華麗なる酒宴1


 9名の守護聖が揃ってから以降、聖獣の宇宙は安定した成長と発展を続けている。誕生して間もない宇宙である故に、突発的なアクシデントが発生することも珍しくはなかった。しかし宇宙を統べる女王の力は強く、彼女をサポートする補佐官のはたらきや伝説のエトワールの活躍。更に、いざという時だけは硬い結束を見せる守護聖達が予想外に活躍するお陰で、聖獣の宇宙は概ね平和に保たれている。

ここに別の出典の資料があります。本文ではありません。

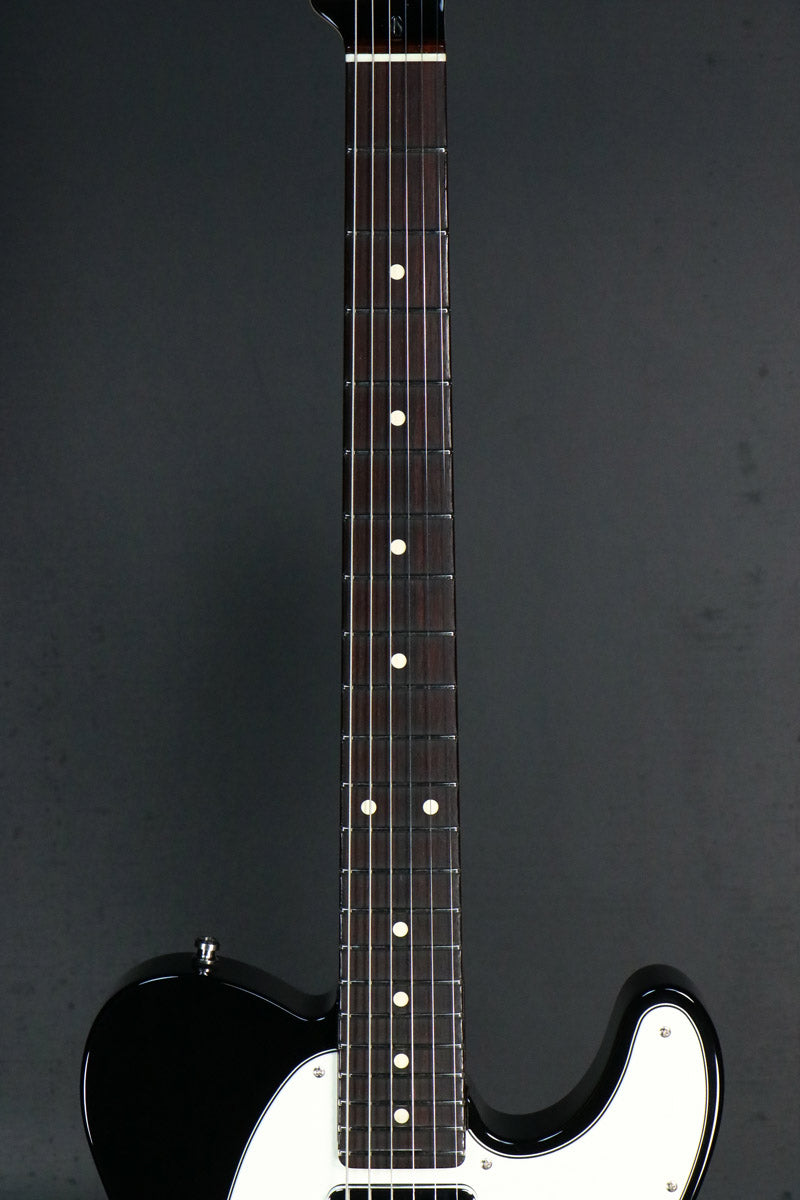 Nitrocellulose Lacquer(ニトロセルロースラッカー)塗装でNOSフィニッシュの2Pアルダーボディに、クォーターソーン・メイプルネック。指板はラウンドラミネート・ローズウッド。ネックシェイプは60 Style Oval"C"で、指板Rは12 Radius。フレットサイズはJumbo / 6100の22フレット仕様です。そして目を惹く人気のブラックカラーでマッチングヘッド!アルダーボディのラウンドラミネートローズウッド指板で、ジャンルを問わず対応可能なテレキャスターと言えるでしょう!!

 姉妹とも、母娘とも呼べる関係にある聖鳥の宇宙との関係も良好なもので、両宇宙の女王補佐官達が中心となり、彼らの職務に関する諸々や、それ以外の面での交流も盛んに行われ、彼女らの主宰するお茶会は今や双方の聖地ではお馴染みのものとなって久しい。また気の合うメンツはそれぞれに独自の交流を持っており、集まる顔ぶれは概ね、年齢や趣味などによってメンバーが変化しているようだった。

◇◇◇

 聖地で働く人々は基本的に週休二日制であり、守護聖もその例外ではない。故に金曜日の午後三時を過ぎると、守護聖達の執務室をはじめとする主要機関が集中する宮殿にも、どこか和やかな空気が漂い始め、執務が終了する刻限ともなると誰もが週末の予定を楽しみに語り合う人々の姿が、そこここで見かけられる。不測の事態に備えるため、一部の職員は待機状態にあるとは言えども、聖地にいる限りは行動を制限されないというだけで開放感を得られるのだろう。帰路に就く彼らの表情は例外なく明るい。

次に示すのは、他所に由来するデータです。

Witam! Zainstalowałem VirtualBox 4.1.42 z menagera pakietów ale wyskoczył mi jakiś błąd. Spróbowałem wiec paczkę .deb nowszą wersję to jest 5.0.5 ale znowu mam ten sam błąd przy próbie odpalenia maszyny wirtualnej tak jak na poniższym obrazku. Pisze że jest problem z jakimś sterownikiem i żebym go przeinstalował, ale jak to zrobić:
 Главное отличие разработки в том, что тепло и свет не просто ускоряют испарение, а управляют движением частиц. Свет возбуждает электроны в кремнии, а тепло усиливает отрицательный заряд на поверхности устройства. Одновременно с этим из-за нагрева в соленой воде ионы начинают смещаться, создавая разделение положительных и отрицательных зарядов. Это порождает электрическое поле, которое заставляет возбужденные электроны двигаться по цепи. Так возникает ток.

 そして守護聖達もまた、束の間の休日を心待ちにしているのは同じ。予定がある者は言うまでもないが、そうでない者も軽い足取りで私邸に向かう馬車へと乗り込んでいく。

 聖獣の宇宙の光の守護聖レオナードと、炎の守護聖チャーリーもまた多少浮かれた風情で、この後の予定について軽口をかわしている。

「そしたら、レオナード。また、後でな」

「ああ。俺様もとっときのスピリッツを持っていってやろうじゃねーの? この間、上物が手に入ったんだぜ」

「そりゃー、楽しみや。あっちからオリヴィエ様もご参加やで……て、おーい。ちょー、フランシス、今晩、暇?」

 馬車に乗り込もうとする闇の守護聖に、チャーリーが上機嫌で声をかけると、フランシスは優雅な微笑みを返す。

「ええ……特に予定はありませんが……何か?」

「そんなら、俺らと飲まへん? 神鳥の宇宙からのスペッサルなゲスト様提供の、極上の酒が届く予定やねん」

「神鳥……の、ですか?」

「そう。緑の守護聖様に献上された銘酒のお裾分けに預かるっちゅーわけ」

「豊穣を司るあちらの守護聖様には、あっちこっちの惑星の民からの感謝の印が届けられてんだってよ」

 そう言えば……と、聖獣の宇宙の守護聖・セイランの私邸にも、確かあちこちから酒やチーズをはじめとする発酵食品や保存食が届けられていたような、と呟いたフランシスは、思いがけない招待のお返しに、こちらの緑の守護聖からもらった、豊穣への感謝の印を持参しましょうと応じた。

◇◇◇

 本当であればチャーリーに私邸の一室で、二つの宇宙で醸された薫り高い美酒に酔い、成長と発展を遂げる星々の生命力を凝縮したかのような食材に舌鼓を打つ予定だった。更に生まれたばかりの聖獣の宇宙だとか、この世界を見守る女王やエトワールの話が、優雅なひとときを一層美しくしてくれる筈だ。そう、神鳥の宇宙の夢の守護聖・オリヴィエは信じていた。しかし、彼の眼前で繰り広げられているのは、美しさの欠片も感じられない二人の大男の醜態のみ。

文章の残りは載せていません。